Healthy relationships move out of symbiosis after a while.

When you first get together, it's in the couple's interests to do everything together, share opinions, interests, etc etc.

But then if the relationship and the people in it are to grow and develop healthily, you have to come out of symbiosis, so you have your own lives as well as your shared life.

Lots of couples separate at the "coming out of symbiosis" stage, as one of them might feel threatened. It has to be managed very carefully, and understood. How many times have you heard "we just grew apart" ? It doesn't have to be like that.

ImnotMamaGbutsheLovesMe · 17/09/2008 13:26

I don't see why it would bother you really.

Treeny · 17/09/2008 13:27

Yuk yuk re shared toothbrush! And as for going to the toilet in front of each other - unimaginable.

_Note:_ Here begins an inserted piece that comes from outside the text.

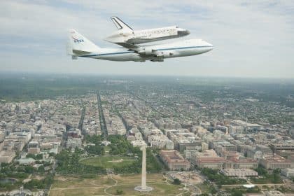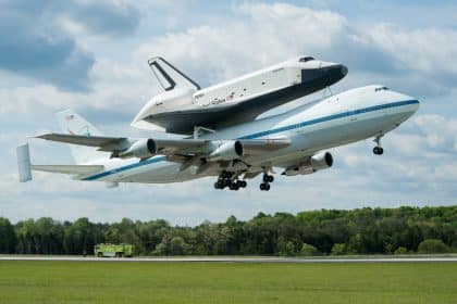 On Apr. 17, Space shuttle Discovery, mounted atop a NASAย B747 Shuttle…
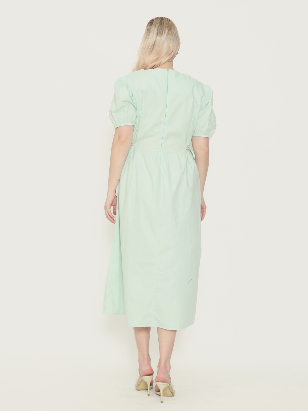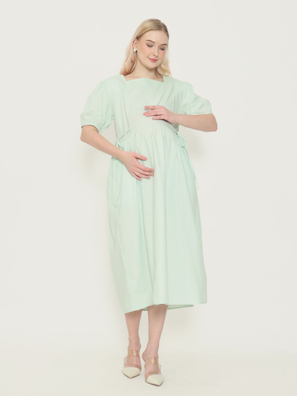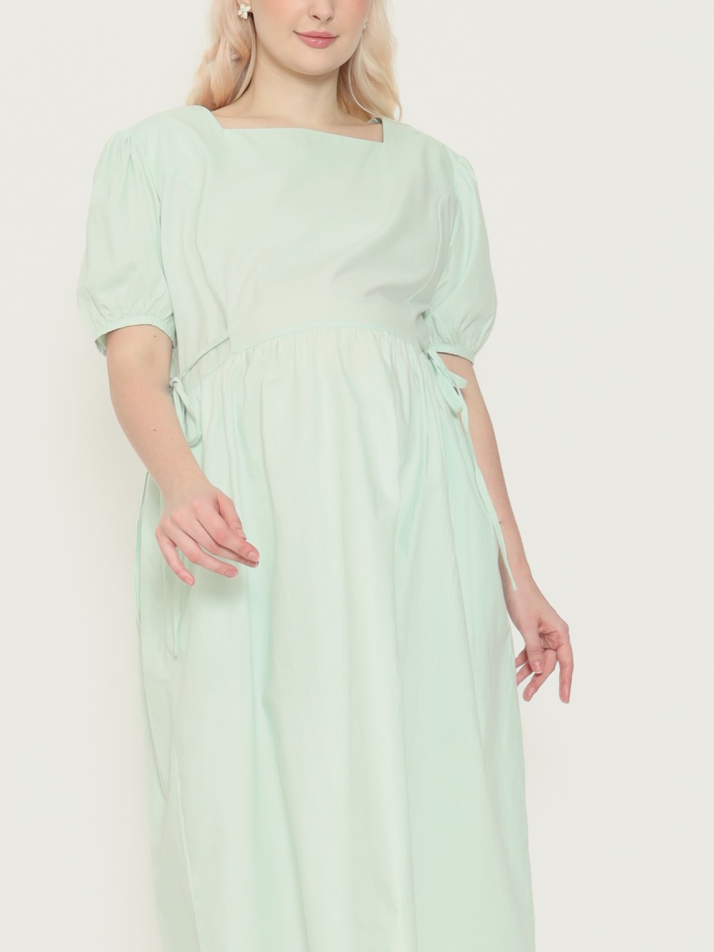 Dress hamil berbahan katun yang adem dan tidak menerawang. Berpotongan babydoll dilengkapi tali di bagian pinggang dan saku samping kanan-kiri. Modelnya manis dengan aksen ruffle di pinggang.

I was thinking about whether there is really a difference between telling one's OH something a friend has told us, and him reading it for himself by text or email. Because of course, if a friend tells me something interesting, I always share it with DH - can't imagine not doing that. But if he picked up my phone, read a text from a friend and replied to it, I think I would mind - unless I was in labour or something of that significance! Similarly, I expect that my friends will pass on stuff to their DHs - but it makes me feel weirdly self-conscious to think that the DH reads it first. I can't totally work out why this is the case - but it is. Perhaps because, as someone said earlier, I feel like I've been on speakerphone without realising it.

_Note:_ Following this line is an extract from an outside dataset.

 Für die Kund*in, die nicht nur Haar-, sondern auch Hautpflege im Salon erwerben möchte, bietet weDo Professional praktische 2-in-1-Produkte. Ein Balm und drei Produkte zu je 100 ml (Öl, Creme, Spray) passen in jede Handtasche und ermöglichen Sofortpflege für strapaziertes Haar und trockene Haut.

DH and I are each other's best friend - but we are separate, not interchangeable. Maybe that's what I'm trying to get at.

OP posts:
NinaInCognito · 17/09/2008 13:30

I know what you mean about the email thing.

I had a sticky situation with a good friend of mine. We have been friends for over 20 years and so know each other fairly well I think. She recently started dropping off contact and I wrote a fairly blunt email to her (which I realise now was wrong), however the response I got was obviously not from her but written by her dh and that was just plain weird. It was language that she would never use and quoting a few Bible verses at me which is something that she would never do. I don't care if people want to share email addresses, but at least repond to your own emails!